= Marcel Sulzberger =

Swiss composer and pianist

Johann Heinrich Samuel "Marcel" Sulzberger (24 December 1876–1941) was a Swiss composer, pianist, and music author.

==Life==
There are few certain dates concerning his life, since Sulzberger himself contributed to keeping some facts unclear (for example, his birth year).

Sulzberger was born in Frankfurt of Swiss parents in 1876, the youngest of five children. In 1900 he studied at the university and conservatory in Zürich, where he was in contact with Othmar Schoeck and Gabriel Fauré. He was recommended to pursue further studies in Paris with Charles Marie Widor and went there in 1906. He returned to Zürich in 1911. Sulzberger was a close friend and great admirer of Ferruccio Busoni, who had emigrated to Switzerland during the World War I. It also seems certain that in 1917 Sulzberger participated - apparently without result - in an event at the Dada gallery in Zürich, in which Hugo Ball and Tristan Tzara among others participated.

==Works==

During his studies, the young francophile Sulzberger was influenced by Claude Debussy's music. He was one of the first Swiss composers who experimented with bitonal and tritonal music, rather than a single tonality. Others also see an echo of Fauré and the style of the Second Viennese School in his music. Sulzberger's compositions were never well regarded by the Swiss critics of the time, since his style of composition was much before its time.

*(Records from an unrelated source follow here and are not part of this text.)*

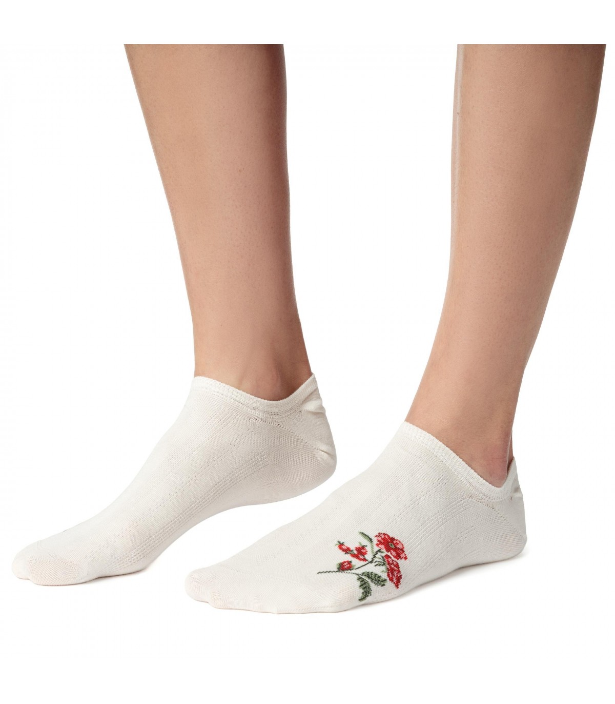 Stopki damskie w kwiaty art. 017 OY042 ecru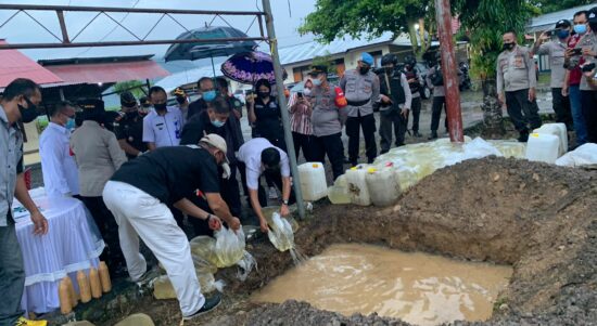 BOLMONG – Polres Bolaang Mongondow Rabu (15/09) kemarin, melakukan kegiatan pemusnahan ribuan liter Minuman Keras (Miras) dan bahan berbahaya merkuri . Kegiatan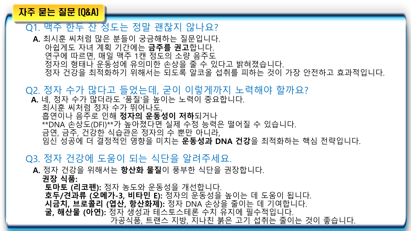 - 과학적 근거: 흡연과 음주는 정자의 운동성, 형태, DNA 손상도에 직접적인 악영향을 미칩니다. 이러한 유해 요소들을 제거하는 것은 곧 정자의 '품질 개선'으로 이어집니다.

- Lieder für Gesang und Klavier, from there "An die Entfernte"
- Chanson d'été
- Cortège et fête für Klavier (lost)
- Sonate für Violine und Klavier (1919), premiere in Paris (1924)

==Leavings==
- In the Central Library of Zürich, letters from e.g. Hugo Ball, Busoni, Debussy, Ernst von Dohnányi, Joseph Szigeti, Richard Strauss and Felix Weingartner that were left behind by Sulzberger are located.